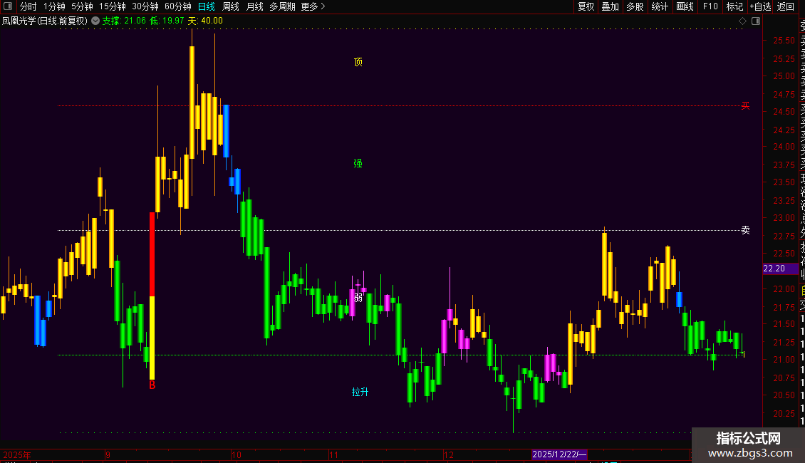 3. 趋势判断:结合K线颜色判断当前短期趋势(蓝上绿下),并注意紫色和橙色K线所代表的趋势内调整状态。
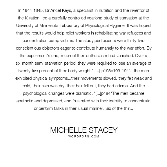 Michelle Stacey quote. In 1944-1945, Dr Ancel Keys, a specialist in nutrition and the inventor of the K-ration, led a carefully controlled yearlong study of starvation at the University of Minnesota Laboratory of Physiological Hygiene. It was hoped that the results would help relief workers in rehabilitating war refugees and concentration camp victims. The study participants were thirty-two conscientious objectors eager to contribute humanely to the war effort. By the experiment's end, much of their enthusiasm had vanished. Over a six-month semi-starvation period, they were required to lose an average of twenty-five percent of their body weight.
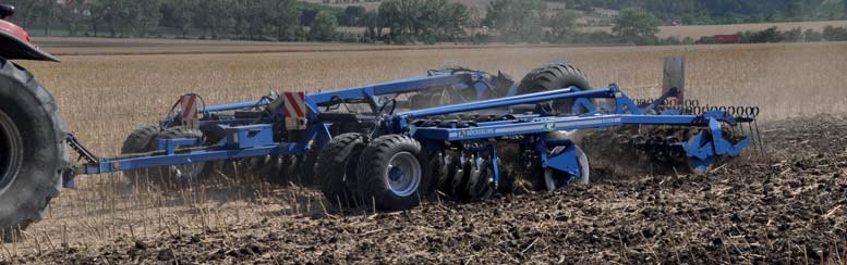 V Blatnici se snaží maximálně obohatit půdu organickou hmotou. Využívají produkty živočišné výroby, veškerou slámu drtí a nechávají na poli a půdu obohatí i hmota meziplodin, které podnik pěstuje na 250 ha. Půdu zpracovávají v Blatnici kombinovaně. „Pod ozimy zpracováváme půdu bezorebně. Je to dáno místními půdami, nedostatkem vláhy i času. Ořeme ale pod jařiny, pokud to půdy dovolí, tedy pod ječmen a kukuřici. Pod řepku, sóju a hrách půdu podrýváme dlátovým pluhem, a když stíháme, tak podrýváme i pod pšenice. Podrývání upřednostňujeme proto, že nám podrývák nevytahuje kameny na povrch pole,“ popisuje zdejší systém agronom. Aby však mohla nastoupit výše zmíněná technika, musí být pole nejdříve kvalitně podmítnuto. Velmi důležitou roli při zpracování půdy po sklizni a také při přípravě před setím hrají podmítače. Ty jsou v Blatnici talířové. „Léta jsme pro podmítky využívali tři talířové podmítače, jeden těžký s velkými talíři, druhý naopak s malými. Třetí, s klasickou koncepcí, dosloužil, a tak jsme za něj začali hledat náhradu,“ vzpomíná Ing. Kalabus.
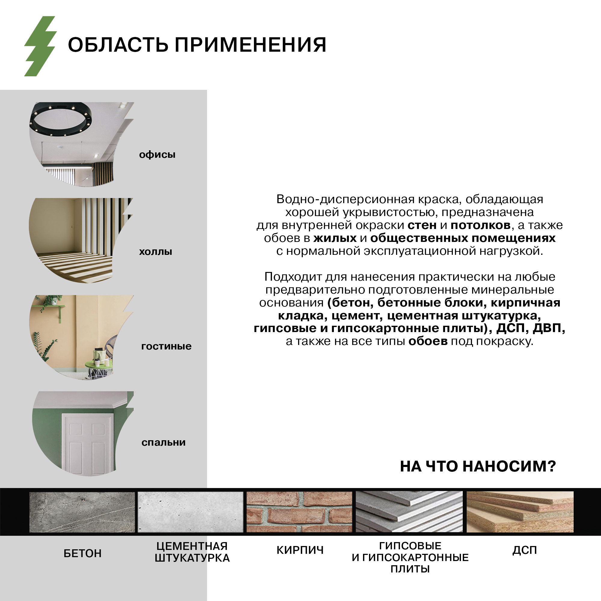 Водно-дисперсионная краска, обладающая хорошей укрывистостью, предназначена для внутренней окраски стен и потолков, а также обоев в жилых и общественных помещениях.
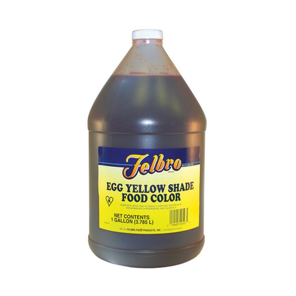 Egg Yellow Shade Food Color comes in a bulk case of 4 one-gallon bottles (3.785 L each). Perfect for bakeries, food service, and commercial kitchens, this high-quality liquid food coloring provides a vibrant yellow shade for icings, frostings, beverages, and desserts.
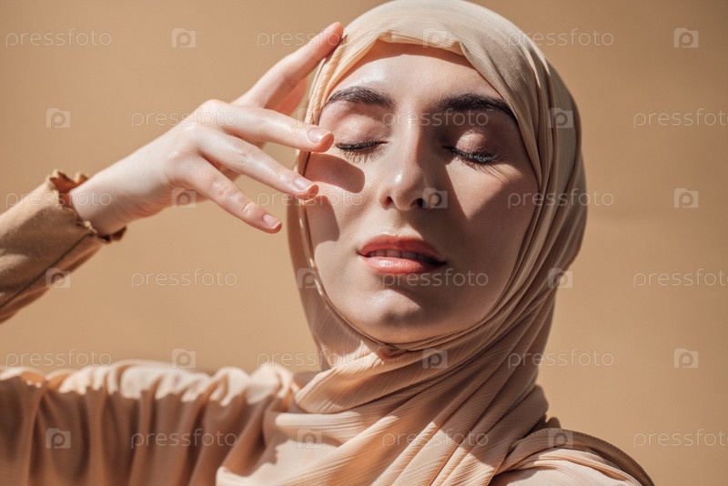 Элегантная женщина в бежевом хиджабе, мягко прикасающаяся к лицу с закрытыми глазами, показывая спокойное выражение лица на теплом нейтральном фоне, олицетворение спокойствия и грации
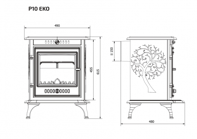 - Чугунная печь Kaw-Met P10 выгодно отличается более точной регулировкой подачи воздуха через нижнюю часть дверцы под колосниковую решетку. Открыв ее на максимум, вы подаете к дровам оптимальное количество воздуха для быстрого розжига.
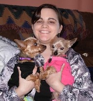 ![]() | I just wanted to let you know Gizmo seems to be getting quite comfortable here. Gizmo and Cinamon are fine together. She is running around the yard barking at birds and squirrels. She loves to go for walks. She is afraid of strangers coming into the house, but they dont seem to bother her outside of the house. Also she has been to the groomer and she was fine. I switched both dogs to Halo dog food which they both like. Thanks so much, Chrisann |
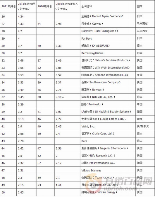 直报网北京4月19日电(直销百科网报道)2012年4月17日,美国著名直销新闻网(DSN)发布了2011年全球直销100强初步榜单,该榜单所收录的均为全球直销企业收益最好的公司。DSN表示,最终的榜单结果将在他们的6月刊中发布。 为了确保结果的公开性和透明性,2011年DSN实施了新的标准:收入证明表(RFC)。为了从侧面反映,DSN要求每家直销公司的首席执行官和首席财务官或指定的代理机构提交一份收入证明文件。 全球直销企业100强是根据企业支付佣金之前以及没有任何增值税的情况下确定的。在DSN的研究中,他们鉴定了超过100家拥有排名资格的直销企业。然而,因为新的标准的制定,DSN只选取了那些提供了收入证明的直销企业。 DSN方面表示,他们相信,新的标准将能更清晰地展示直销企业高端部分的表现情况。根据该榜单显示,美国直销企业仍占据大半江山。雅芳依然全球领先,安利居第2位,康宝莱排名第3,玫琳凯排名第6,如新排名第9,爱茉莉排名第16,优莎娜排名第17,嘉康利排名第21,科士威排名第27,宝健排名第38,隆力奇排名第57。 另外,无限极、美乐家、完美、仙妮蕾德、天狮、立新世纪、月朗国际、三生也在DSN的考证之列。以下是排行榜单:
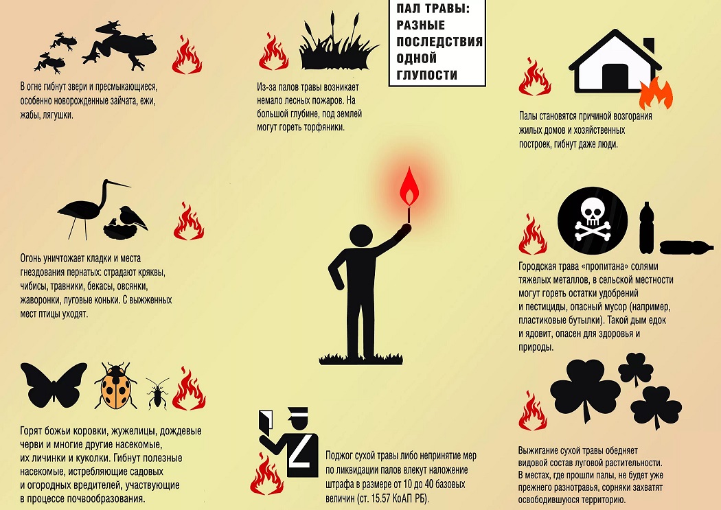 МЧС напоминает: за выжигание сухой растительности, трав на корню, стерни и пожнивных остатков на полях, либо непринятия мер по ликвидации палов на земельных участках, а также разжигание костров в запрещенных местах – предусмотрена административная ответственность в виде штрафа.
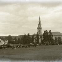 - Glass negative : View of wagons on Market Square, Cradock, 2 April 1904, with the Dutch Reformed Church in the background.
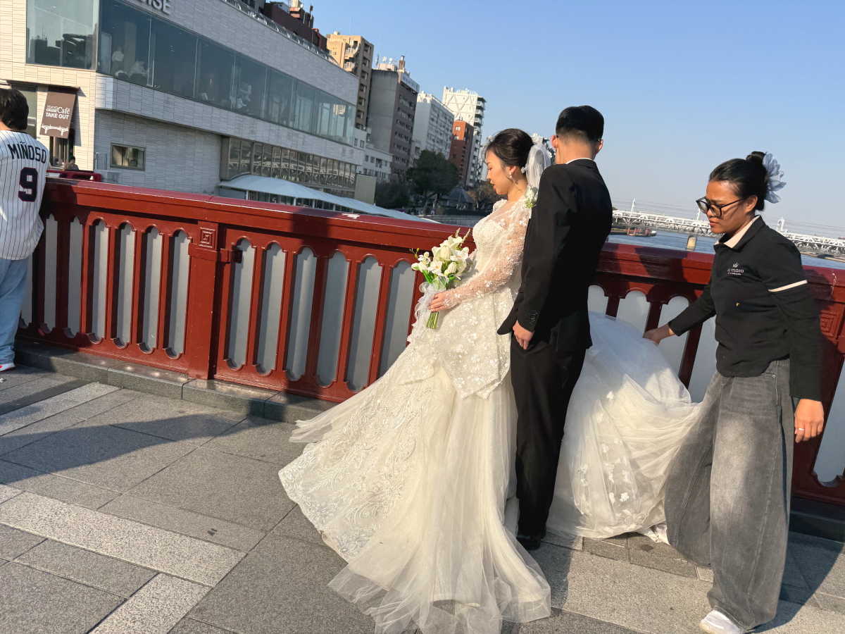 橋の上ではウエディングの撮影中でした
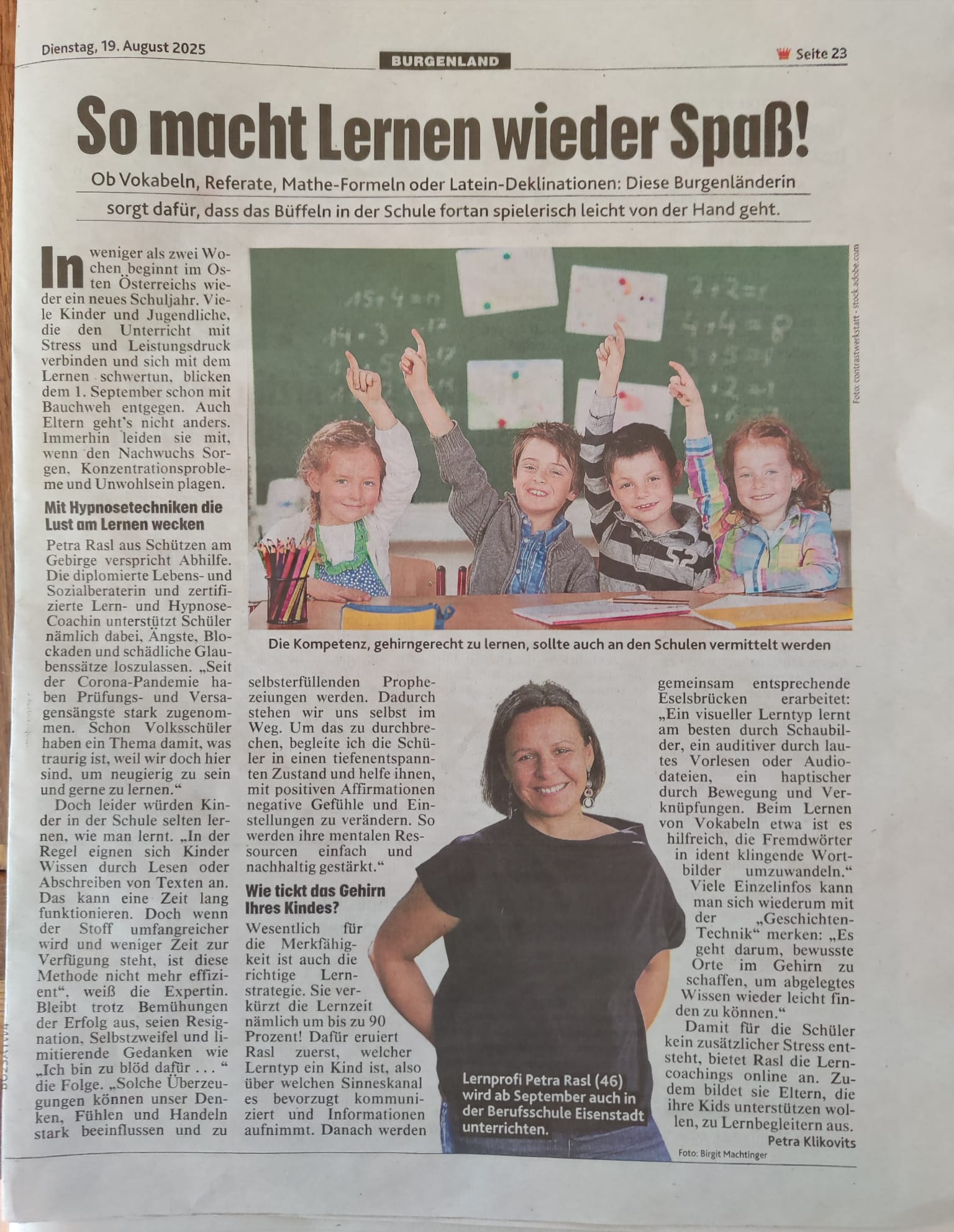 Unter dem Titel „So macht Lernen wieder Spaß!“ erschien am 19. August 2025 ein Artikel, der mir besonders am Herzen liegt – weil er zeigt, dass Lernen nicht mühsam oder belastend sein muss, sondern wieder leicht und freudvoll werden darf. 🌿
----
WHAT THIS TASK INVOLVES: The lines from the one containing "- Чугунная печь" through the last line of the data above are to be transcribed exactly, both included, with all pictures left out.

RESPONSE AREA:
 - Чугунная печь Kaw-Met P10 выгодно отличается более точной регулировкой подачи воздуха через нижнюю часть дверцы под колосниковую решетку. Открыв ее на максимум, вы подаете к дровам оптимальное количество воздуха для быстрого розжига.
 ![]() | I just wanted to let you know Gizmo seems to be getting quite comfortable here. Gizmo and Cinamon are fine together. She is running around the yard barking at birds and squirrels. She loves to go for walks. She is afraid of strangers coming into the house, but they dont seem to bother her outside of the house. Also she has been to the groomer and she was fine. I switched both dogs to Halo dog food which they both like. Thanks so much, Chrisann |
 直报网北京4月19日电(直销百科网报道)2012年4月17日,美国著名直销新闻网(DSN)发布了2011年全球直销100强初步榜单,该榜单所收录的均为全球直销企业收益最好的公司。DSN表示,最终的榜单结果将在他们的6月刊中发布。 为了确保结果的公开性和透明性,2011年DSN实施了新的标准:收入证明表(RFC)。为了从侧面反映,DSN要求每家直销公司的首席执行官和首席财务官或指定的代理机构提交一份收入证明文件。 全球直销企业100强是根据企业支付佣金之前以及没有任何增值税的情况下确定的。在DSN的研究中,他们鉴定了超过100家拥有排名资格的直销企业。然而,因为新的标准的制定,DSN只选取了那些提供了收入证明的直销企业。 DSN方面表示,他们相信,新的标准将能更清晰地展示直销企业高端部分的表现情况。根据该榜单显示,美国直销企业仍占据大半江山。雅芳依然全球领先,安利居第2位,康宝莱排名第3,玫琳凯排名第6,如新排名第9,爱茉莉排名第16,优莎娜排名第17,嘉康利排名第21,科士威排名第27,宝健排名第38,隆力奇排名第57。 另外,无限极、美乐家、完美、仙妮蕾德、天狮、立新世纪、月朗国际、三生也在DSN的考证之列。以下是排行榜单:
 МЧС напоминает: за выжигание сухой растительности, трав на корню, стерни и пожнивных остатков на полях, либо непринятия мер по ликвидации палов на земельных участках, а также разжигание костров в запрещенных местах – предусмотрена административная ответственность в виде штрафа.
 - Glass negative : View of wagons on Market Square, Cradock, 2 April 1904, with the Dutch Reformed Church in the background.
 橋の上ではウエディングの撮影中でした
 Unter dem Titel „So macht Lernen wieder Spaß!“ erschien am 19. August 2025 ein Artikel, der mir besonders am Herzen liegt – weil er zeigt, dass Lernen nicht mühsam oder belastend sein muss, sondern wieder leicht und freudvoll werden darf. 🌿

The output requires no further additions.